Comment: The territorial army can sort out jobless young people

By Godfrey Bloom

When a very old friend of mine refused a major army promotion I started to think about the Territorial Army, our volunteer reserve, and how it is being devalued by this Conservative-led coalition government.

I will not embarrass the officer concerned, nor will I break the Chatham House rule by suggesting where he made his observations on the role and recruitment of the volunteer reserve. But his point on refusing a one star (brigadier) appointment to carry out the role of reserve 'tsar' was its perceived inevitable failure. To refuse such promotion is expensive, in terms of salary and pension. It was a three year posting. One star rank in the modern tiny army is now probably the ultimate dream of any young Sandhurst cadet (my personal ambition was to avoid actually being cashiered).

Most of my undistinguished career was spent with the logistics wing of 4th Armoured Division BAOR, although many of my fun days were with a London Yeomanry Squadron. In one role or another I clocked up 30 years, my last as head of recruitment and training for a Yorkshire Territorial Regiment.

There is a long and noble tradition of volunteer reserve commitment in England. Arguably in one form or another for nearly 900 years. Under the current system English archers of yesteryear would qualify today as specialist forces, the main body or reserve in later years was militia, varied in its complex history and raised for home defence. Aficionados of Jane Austen, Surtees or Dickens will be familiar with the genre.

One of my own forebears served as a junior officer in the Western Suffolk Militia in the middle seventeen hundreds. Records show my esteemed colleague William the earl of Dartmouth's forebears were in an adjacent camp in 1774. Needless to say, being a toff, his family were colonels who commanded or raised the regiment. The point being the tradition is long standing, as is the relationship with the county of recruitment and all social ranks played their part.

Post Crimea the army underwent complete restructuring, it took the form of the Cardwell reforms. Later in the early twentieth century, further reforms, especially to reserve forces, were enacted by the then-liberal administration's giant intellect JBS Haldane.

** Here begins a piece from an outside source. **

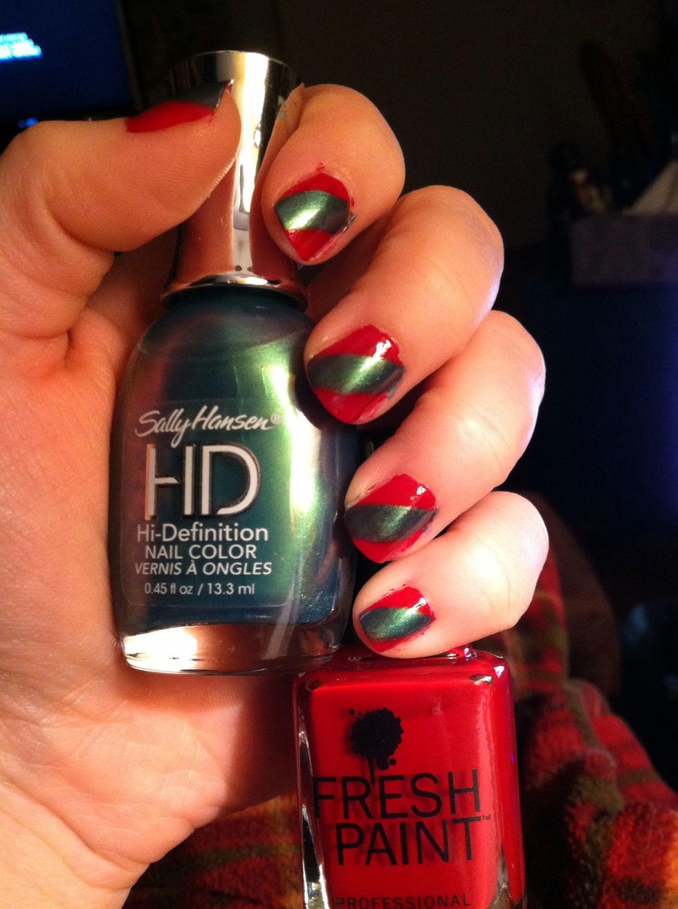 Next use a green color as an accent. I am using Sally Hansen's "hi-def" green.

He established the Territorial Army, the strategic purpose of which was to enable the release of regular divisions for service abroad. The Terriers were primarily for home defence. (Not to be confused with the Home Guard, something quite different and very temporary raised in the early years of WWII).

In both world wars (yes I know there was only one in two parts) the Terriers served with extraordinary distinction and gained some of the most famous battle honours ever awarded.

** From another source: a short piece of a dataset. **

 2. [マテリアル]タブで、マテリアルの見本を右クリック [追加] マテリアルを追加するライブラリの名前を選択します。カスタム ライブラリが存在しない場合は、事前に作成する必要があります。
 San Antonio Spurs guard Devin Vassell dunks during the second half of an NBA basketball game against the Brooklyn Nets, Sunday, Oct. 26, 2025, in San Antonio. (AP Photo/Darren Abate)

So we know the concept is valid. No criticism from me as to the strategy. However, the implementation, as my erstwhile chum knew, was doomed to failure – so obvious to him he sacrificed his promotion to protect his professional reputation.

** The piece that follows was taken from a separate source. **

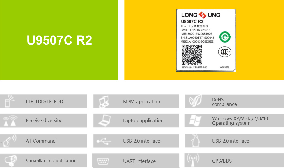 U9507C R2 MGMX 是龙尚科技推出的 LTE Cat4 无线通信模块,内置丰富的网络协议,集成多个标准接口;可以工作在 LTE-TDD/LTE-FDD/UMTS/EDGE/GPRS/GSM 等多种制式。

The Haldane reforms from militia to territorial were a natural progression, a 'shadow' regular army with the same training, equipment and pay grades but with a 'volunteer and county' ethos. It worked for the British, as any military campaign history of north Africa, northern Europe, Italy or Burma will testify. The territorial regiments marched to war with colours flying and bands playing. The Gulf wars saw a political betrayal of the concept, especially in logistics where the British command were crying out for first and second line transport.

Many of us had been training for decades for just such a call. Weekends given up, wives and families abandoned at holiday time for annual training, often freezing and miserable in northern Germany. Then when we were needed they did not mobilise us but took us piecemeal. A driver here, radio operator there, signals expert posted willy nilly. This is not what we joined for. Morale slumped. Many left – often the best and most committed. I had a pretty full and frank discussion with General Learmont at the time and he understood completely. It was a political decision. The Territorial Army was never supposed to be a regular army on the cheap. No pensions, no family housing, no medical responsibilities. It was and is there for general mobilisation.

We no longer have a society which understands 'pro bono publico'. That was killed by the welfare state. We now live in the 'me first' society which started with the trade union domination of politics in the 1960's, subsequently overtaken by the corporate and social welfare society.

How can it be possible for there to be 30% youth unemployment in many parts of the country when the TA offers full training and daily rates of pay commensurate with the regular army? Trades, sport and genuine comradeship available on the doorstep. There should be a queue outside every TA barracks.

If the TA were reinstated as Haldane intended and governments curtailed their love of military adventurism, small employers would not need to fear employees joining. In my young days a TA commission was a stepping stone to accelerate promotion, what better leadership training could a young man or woman have?

The army fights into the headwind of a failing society and faltering economy. My chum was right to get out. The one thing every solider knows deep in his soul, past or present, general or private, politicians will always let you down.

Godfrey Bloom is an independent member of the European Parliament for Yorkshire and the Humber.